Wong noted that he began working on saliva-based diagnostics when he moved to Southern California around 2003. At that time, "very little was known" about the use of saliva as a sample testing medium, except that you could identify HER2 in the saliva of patients at risk of breast cancer, he said.
"There were no organized efforts to look at what's in saliva and what could be done with it from a diagnostics perspective," he said.
However, the National Institutes of Health at that time funded projects to identify proteins in saliva that could be used for early disease diagnostics, and to develop a saliva-based diagnostic tool that could be used at the point of care in physicians' offices.
"The NIH has empowered this journey, and what we and others have done in this past decade or more is decipher the saliva proteome," and discover and validate other saliva-based omics disease markers, he said.
Point-of-care tools are being developed that will allow future clinicians and nurses in developing countries to detect disease discriminatory information, Wong added.
What is missing now for saliva-based testing adoption to occur is scientific credentials, which would come with the clinical validation in diagnostic tests of biomarkers that have been discovered, he said.
"As a scientist, you can say that you will develop biomarkers, but you might not take them to the FDA because [you believe] that is what industry should do, and yet industry hesitates to do that with early-stage technology," he said.
Beginning 13 years ago, the initial push was devoted to developing omics targets as saliva-based biomarkers for diseases, he said.
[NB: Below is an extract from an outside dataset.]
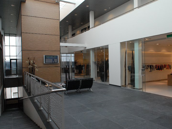 De bedrijfshal en kantoor omvatten elkaar. Er ontstaat een dynamiek door de "overpakkende" gevouwen vormen. Het hart van het geheel wordt gevormd door het atrium waar tevens de showrooms zijn gesitueerd, als ware het een winkelstraat.

That process of discovering and validating targets "is not trivial," he noted, and reaching a level of acceptance whereby a diagnostics industry vendor will license a test and take it to commercialization is a rare occurrence in saliva-based diagnostics.
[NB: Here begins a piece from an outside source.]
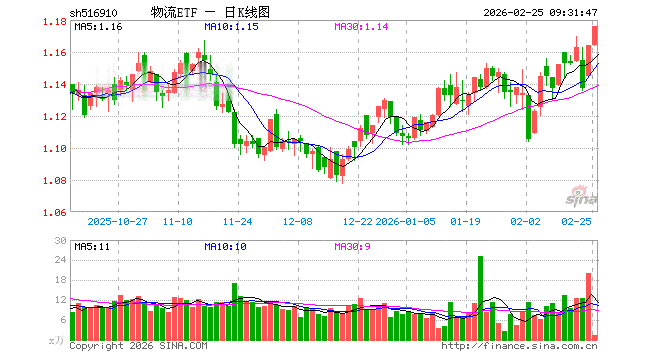 2月25日,物流ETF(516910)开盘涨0.00%,报1.164元。物流ETF(516910)重仓股方面,中远海控开盘涨0.07%,顺丰控股涨0.05%,京沪高铁涨0.00%,招商轮船涨4.33%,大秦铁路涨0.20%,圆通速递跌0.06%,蔚蓝锂芯涨0.06%,中远海能涨4.40%,物产中大涨0.18%,建发股份跌0.11%。

There are exceptions, including OraSure Technologies' development of a rapid FDA-cleared saliva-based HIV test, Wong noted. "But to be able to, in a de novo manner, develop a saliva-based biomarker cancer test and go through a regulatory evaluation, that has yet to be done."
Wong sees opportunity to elevate the profile of saliva-based diagnostics through developing and launching the test for non-small cell lung cancer.
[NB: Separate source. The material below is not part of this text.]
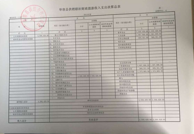 2014年度华容县供销联社财政拨款收入支出决算总表

"This adjacent landscape of liquid biopsy that has opened up in the last three years takes on a flavor that's entirely different from past efforts, because these fingerprints or biomarkers are already known for lung cancer and other cancers, and they are in the public domain," he said.
Circulating tumor information combined with EFIRM, which is achieving "unprecedented performance in detecting circulating tumor DNA," has the potential to open the door to other opportunities for saliva-based testing, he said.
Every human cancer has a mutation fingerprint that can be captured and utilized in this detection scenario, he said, adding, "Therefore, this technology is diversifiable and it has tremendous potential."
For now, however, proving the success of EFIRM in NSCLC is at the center of his team's commercialization strategy. "We have decided to first put an example out there and get it credentialed in a regulatory-approved evaluation," Wong said.
A more long-term opportunity could be to do instantaneous detection of cancer markers by adhering a graphene-layer sensor on a tooth, which is something his team is developing, he added.